Haja esperança: Orlando Nascimento demitiu-se

Orlando Nascimento demitiu-se, para nosso alívio e para bem da Justiça. Num país habituado a enterrar a cabeça na areia para contornar os problemas, o gesto deve ser assinalado.

Aconteceu o que tinha de acontecer: o presidente do Tribunal da Relação de Lisboa demitiu-se das suas funções e ao fazê-lo deixou o país cada vez mais descrente da sua Justiça aliviado.

Como já aqui tínhamos escrito (em consonância com idênticas opiniões vindas de diferentes sectores da vida pública), o conjunto de suspeitas de ilegalidades que impendiam sobre o juiz Orlando Nascimento eram um vírus que inquinava todo o edifício da Justiça.

Não o atacar na sua raiz seria devastador não apenas para o tribunal onde se decidem uma boa parte dos grandes casos da Justiça portuguesa, como para todos os juízes e para todos os tribunais.
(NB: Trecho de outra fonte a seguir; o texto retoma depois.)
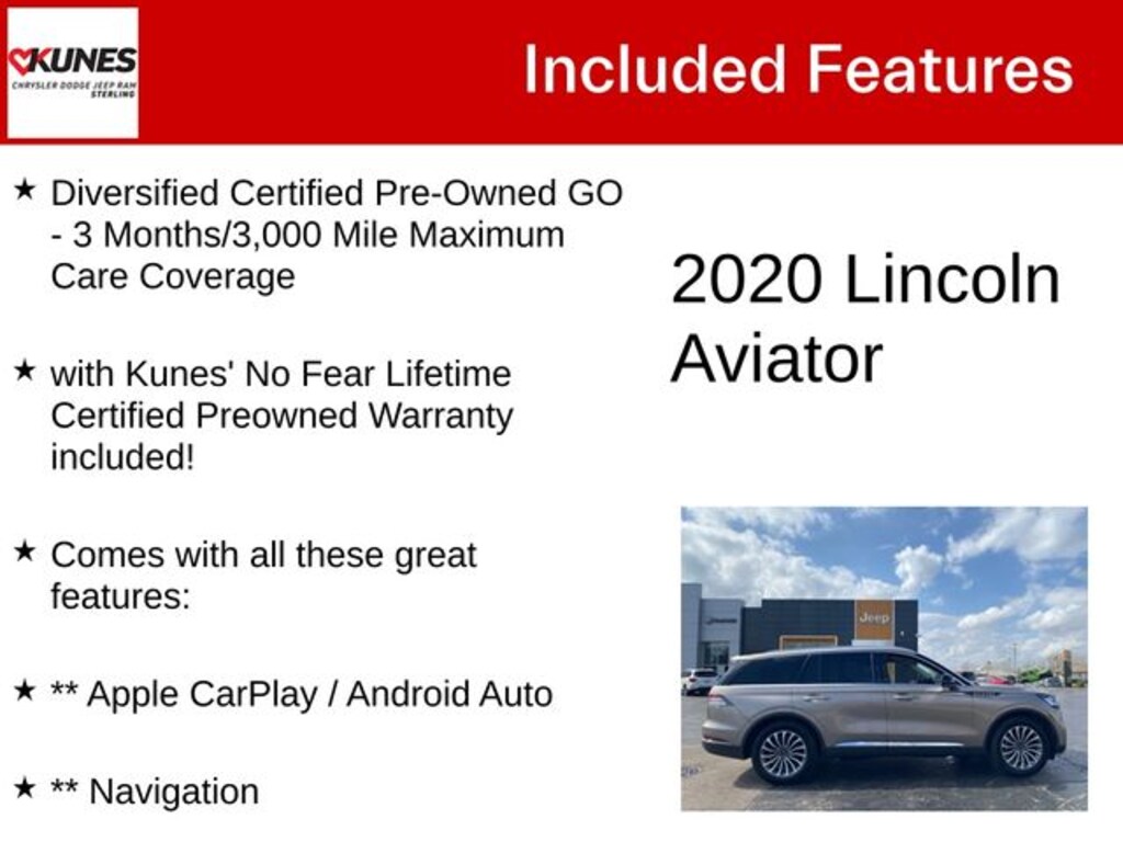Mocha Metallic 2020 Lincoln Aviator Reserve Reserve Diversified Certified Pre-Owned GO - 3 Months/3,000 Mile Maximum Care Coverage, with Kunes' No Fear Lifetime Certified Preowned Warranty included!, Comes with all these great features:, ** Apple CarPlay / Android Auto, ** Navigation, ** Security System, **Panoramic Sunroof, **Heated and Cooled Seats, **Heated Steering wheel, **Heated Rear Seating, 3rd Row Seating, ** Steering Wheel Controls, ** Roof Rack, ** Keyless Entry, ** Automatic Headlights, ** Bluetooth, ** Back up Camera, **Rear Park Assist, **SIRIUS XM, Remote Start, 14 Speakers, 3.58 Axle Ratio, 3rd row seats: split-bench, 4-Wheel Disc Brakes, ABS brakes, Active Park Assist Plus, Adaptive Cruise Control w/Traffic Jam Assist, Adaptive suspension, Air Conditioning, Alloy wheels, AM/FM radio: SiriusXM, Audio memory, Auto High-beam Headlights, Auto-dimming door mirrors, Auto-dimming Rear-View mirror, Brake assist, Bumpers: body-color, Compass, Delay-off headlights, Driver door bin, Driver vanity mirror, Dual front impact airbags, Dual front side impact airbags, Electronic Stability Control, Elements Package Plus, Equipment Group 201A, Evasive Steering Assist, Four wheel independent suspension, Front anti-roll bar, Front Bucket Seats, Front Center Armrest, Front dual zone A/C, Front fog lights, Front reading lights, Fully automatic headlights, Garage door transmitter, Heated door mirrors, Heated front seats, Heated Steering Wheel, Heated VisioBlade Wipers, Heated/Ventilated 2nd Row Outboard Seats, Heated/Ventilated Driver & Passenger Seats, HVAC memory, Knee airbag, Lincoln Co-Pilot360 Plus, Low tire pressure warning, Memory seat, Navigation System, Occupant sensing airbag, Overhead airbag, Overhead console, Panic alarm, Panoramic Vista Roof w/Power Shade, Passenger door bin, Passenger vanity mirror, Power door mirrors, Power driver seat, Power Liftgate, Power passenger seat, Power steering, Power windows, Premium Leather Enhanced Micro-Perforated Seats, Radio data system, Radio: Revel AM/FM Audio System w/14 Speakers, Rear air conditioning, Rear anti-roll bar, Rear audio controls, Rear dual zone A/C, Rear reading lights, Rear window defroster, Rear window wiper, Remote keyless entry, Reverse Brake Assist, Speed control, Speed-Sensitive Wipers, Split folding rear seat, Spoiler, Steering wheel memory, Steering wheel mounted A/C controls, Steering wheel mounted audio controls, Tachometer, Telescoping steering wheel, Tilt steering wheel, Traction control, Trip computer, Turn signal indicator mirrors, Variably intermittent wipers, Ventilated front seats, Wheels: 20" Bright Machined Aluminum.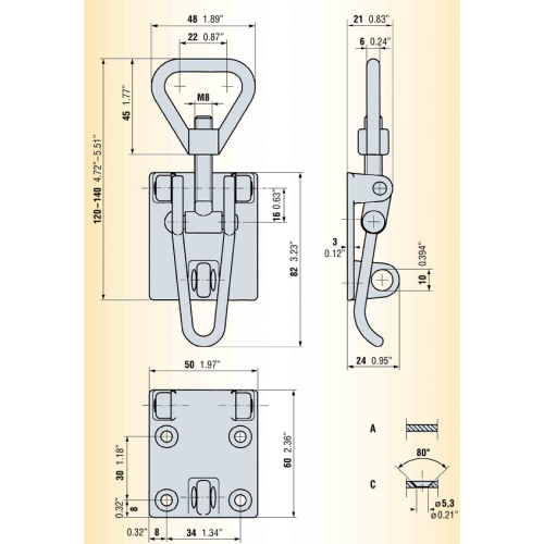 Heavy duty adjustable Toggle latch with triangle screw loop, produced from zinc plated and clear passivated Drop Forged Steel for better corrosion resistance. Product is the right choice if looking for high quality and durability. Base plate with 80 degrees countersunk holes suitable for screw down or riveting to the surface applications. Padlocable latch helps prevent unauthorized access. Ojop Sweden proudly offer a Lifetime Warranty for this product.

Felizmente, os receios da repetição da terapia dos paninhos quentes com que a política ou a Justiça costumam adiar os seus problemas não se repetiram. Orlando Nascimento sai pelo seu próprio pé e isso é uma boa notícia.

A resignação do magistrado sobre o qual impendem suspeitas de alegadas ilegalidades no sorteio da distribuição de processos é a melhor forma de proteger a imagem dos juízes e dos tribunais. A pressão pública que tornou esta decisão inadiável é por isso um bom sintoma de vitalidade democrática.

A imprensa, em especial o PÚBLICO, foi revelando as suspeitas em torno do actual e do anterior presidente da Relação de Lisboa, a organização sindical dos juízes pediu uma sindicância, Catarina Martins e Jerónimo de Sousa exigiram medidas para garantir a “confiança” dos cidadãos no sistema, o Conselho Superior da Magistratura mostrou sentido de urgência na análise do problema e o Presidente da República prometeu falar depois da sua reunião desta terça-feira. Desta vez, o país político e judicial assumiu as responsabilidades que se lhe exigem.

Não podia ser de outra forma. De acordo com as revelações da imprensa, o triângulo formado entre os juízes Rui Rangel, e o anterior e actual presidente da Relação de Lisboa, Luís Vaz das Neves e Orlando Nascimento, era um monumento à denegação de justiça. O simples indício de que haveria escolha de juízes de acordo com o interesse de uma das partes envolvidas nos processos bastava para que todos os alicerces de uma sociedade democrática, os que sustentam o Estado de direito ou a igualdade de todos perante a lei, ficassem comprometidos.

No meio deste cenário de extrema gravidade, houve ao menos a lucidez e a decência de Orlando Nascimento em responder às preocupações da cidadania. Demitiu-se, para nosso alívio e para bem da Justiça. Num país habituado a enterrar a cabeça na areia para contornar os problemas, o gesto deve ser assinalado.